Stored data entries:
------------
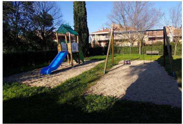
Area ludica post-operam
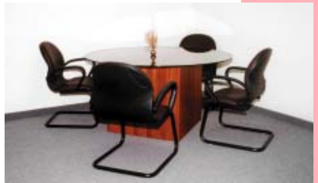
Huellas de la Reforma
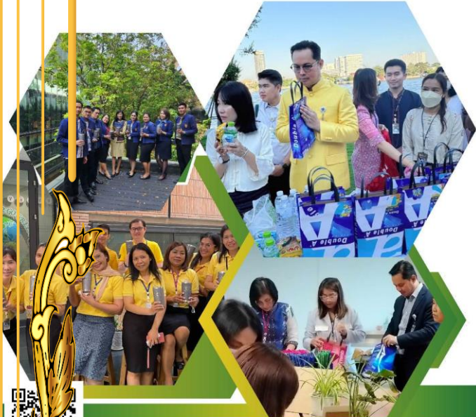
คณะทำงานขับเคลื่อนองค์กร STRONG จัดพอเพียงด้านทุจริต ส่งเสริมคุณธรรมและความโปร่งใสของสำนักกรรมการ 2 ประจำปีงบประมาณ พ.ศ. 2567

การนำหลักปรัชญาเศรษฐกิจพอเพียงมาประยุกต์ใช้ ของสำนักกรรมการ ๒ ประจำปีงบประมาณ พ.ศ. ๒๕๖๗
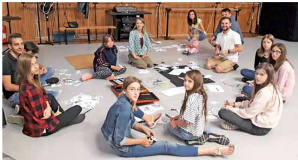
Warsztaty poświęcone tworzeniu szablonów inspirowanych ornamentami roślinnymi były okazją, by porozmawiać o charakterze muralu.

– Kolejne prace będą wykonywane przy wsparciu ze strony wo-
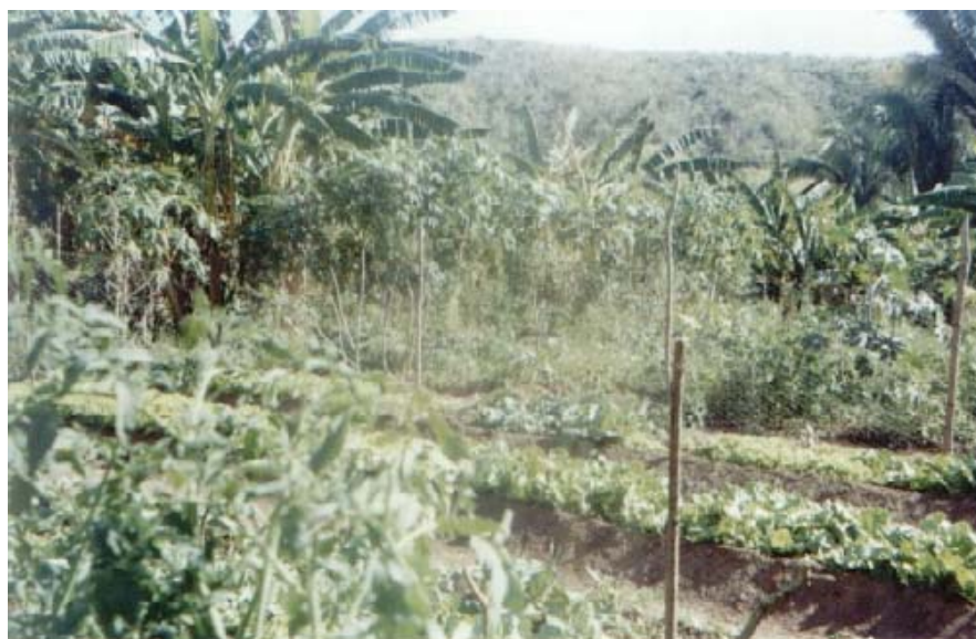
Figura 9: Quintal Agroflorestal no povoado Centro do Henrique

Em um dos quintais (A3 P1) foi encontrado uma horta com canteiros no chão contendo alface, couve, tomate, pimentão e outras espécies. Está localizado no povoado Centro do Henrique e a horta pode ser vista nas figuras 9 e 10.
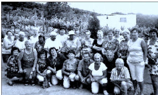
ZO SPCCH pořádala týdenní pobyt v Podhajskej na Slovensku. Zúčastnilo se 44 zájemců ke vši spokojenosti.
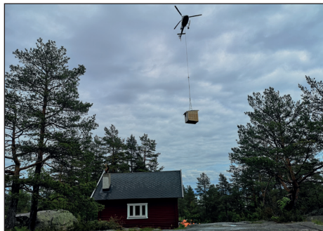
Dugnad på Wentzelhytta.

I 2020 har vi fått en helt ny tilsynsgruppe på Wentzelhytta. Det er også kommet nye tilsyn på de andre 3 hyttene.
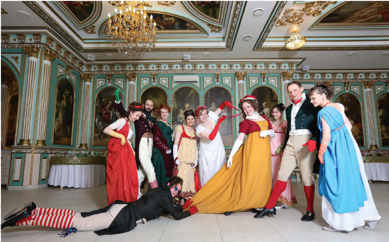
Инкруаябли и мервейезы в исполнении клуба исторического танца «Pas de Cote». Гранд-бал «Лихие 90-е (1790)»

Выбор варианта зависит от того времени, который хотите повторить. Возьмем, пожалуй, XIX век, он больше на слуху, а конкретнее три десятилетия – 1840, 1850 и 1860.
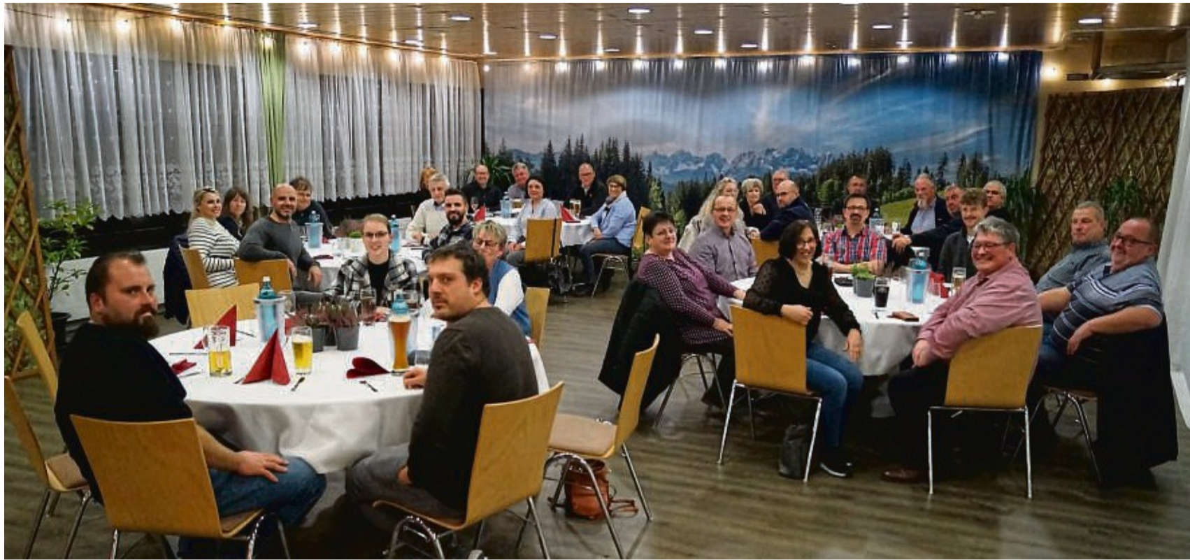
Auf reges Interesse stieß die Mitgliederversammlung des Gewerbevereins Niederaula im Alten Forsthaus.
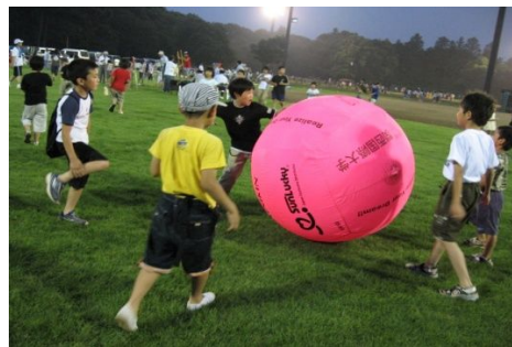
「住んで良かった...ネ」そんな街を「スポーツクラブさしま」は、いつも考えています。
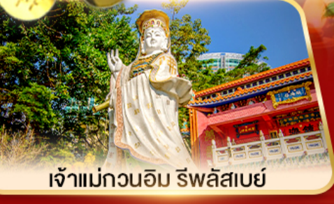
เจ้าแม่กวนอิม ธิพลสถิตย์
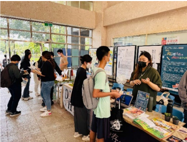
圖 6：113 學年第 1 學期跨領域學分學程/微學程宣傳活動

因應社會與產業發展之需要，推動學生跨領域學習，並善用本校教學資源，提供學生跨領域學習環境，以培養學生第二專長，促進多元學習及就業機會。(1)辦理跨領域學分學程/微學程宣傳活動，深化學生跨領域學習概念，增加學生修讀跨領域學分學程動機。(2)每學年辦理跨領域學分學程評核會議，邀集校內、外跨領域專業委員，針對各學分學程之學生申請及修讀情形、課程開設情形、課程紀錄、學生及教師成效等面向進行專家建議，力求精進各跨領域學分學程課程品質。(3)完成跨領域學分學程 112 學年評核會議，依評核之會議內容作為各跨領域學分學程進行課程內容及相關成效之修正依據。 112-2 學期跨領域學分學程開課共計 123 門，共 87 名教師開課，有 3,039 位學生修讀。 113-1 學期跨領域學分學程開課共計 133 門。
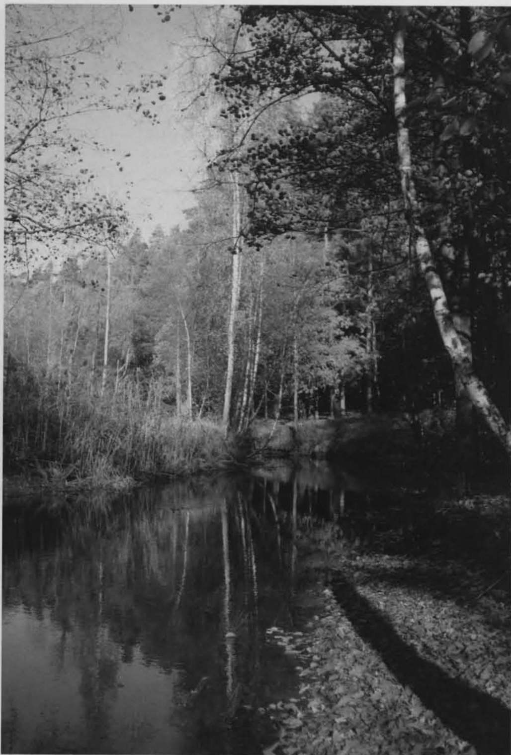
Rzeka Sapina.
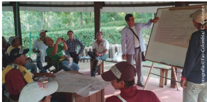
Imagen No. 4. Presentación de plenaria por parte de los productores, en la estación experimental El Trueno SINCHI.

Una vez cada grupo realiza su presentación, el facilitador debe reconocer en público el trabajo realizado por sus participantes, pidiendo a los asistentes un aplauso. Luego, el material utilizado para la plenaria, se ubica en un lugar visible durante el tiempo de duración de la sesión ECA.
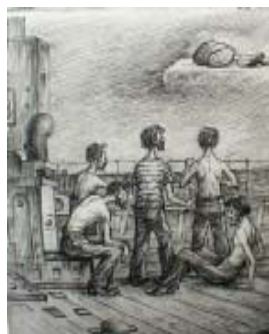
39. Рисунки к повести «Необыкновенный рейс «Юга»». 1995
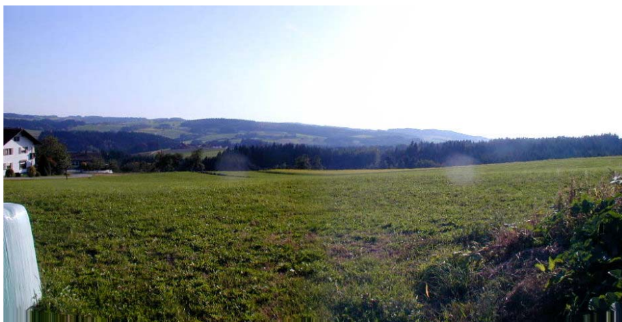
Foto 11: Blick Richtung Südwesten im Bereich der Ortschaft Zeilberg
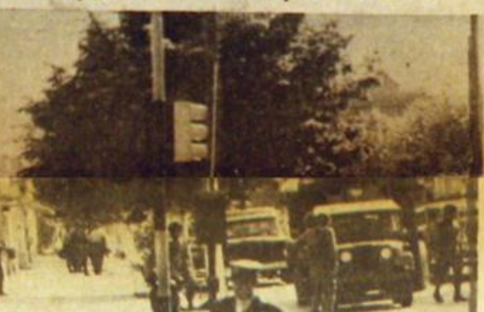
Represión militar. El Ejército se lanza a la represión masiva en las principales ciudades. Rastrillos, pinzas y controles.
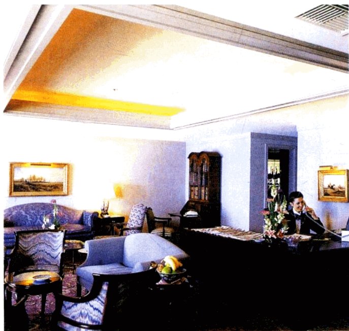
合理的经理室设计
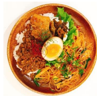
「アジア弁当セット」 ルーローファン&チャプチュエ
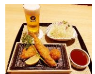
ほっと一息ほろ酔いセット 1,390円（とんかつKYK）
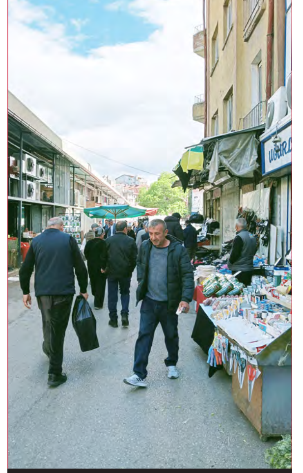
Hal sokağı / Altındağ - 2015
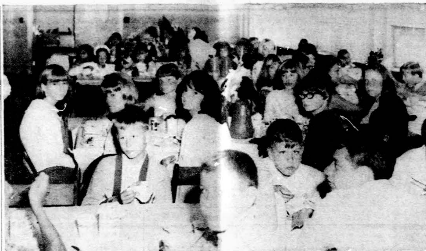
Rytinių JAV valstijų moksleivių atetintinkų stovyklos jaunimas prie pusryčių stalo Kennebunk Port, Nuotr. E. Meilaus

× Am. Liet. Montessori draug. Vaikų nameliai jau pradėjo naujus mokslo metus. Virš 40 vaikučių naudojami atnaujintom jaukiom patalpom. Paremkim Vaikų namelius atsilankydami į rugs. 25 d. ruošiamą "Rudens lapų balių." (Pr.)
------------
Above are records with pictures. Reproduce exactly only the lines from the line with "I 2020 har vi" through the line with "圖 6：113 學年第 1 學期跨領域學分學程/微學程宣傳活動", both ends included, and leave the pictures out.

Solution to this problem:
I 2020 har vi fått en helt ny tilsynsgruppe på Wentzelhytta. Det er også kommet nye tilsyn på de andre 3 hyttene.
Инкруаябли и мервейезы в исполнении клуба исторического танца «Pas de Cote». Гранд-бал «Лихие 90-е (1790)»

Выбор варианта зависит от того времени, который хотите повторить. Возьмем, пожалуй, XIX век, он больше на слуху, а конкретнее три десятилетия – 1840, 1850 и 1860.
Auf reges Interesse stieß die Mitgliederversammlung des Gewerbevereins Niederaula im Alten Forsthaus.
「住んで良かった...ネ」そんな街を「スポーツクラブさしま」は、いつも考えています。
เจ้าแม่กวนอิม ธิพลสถิตย์
圖 6：113 學年第 1 學期跨領域學分學程/微學程宣傳活動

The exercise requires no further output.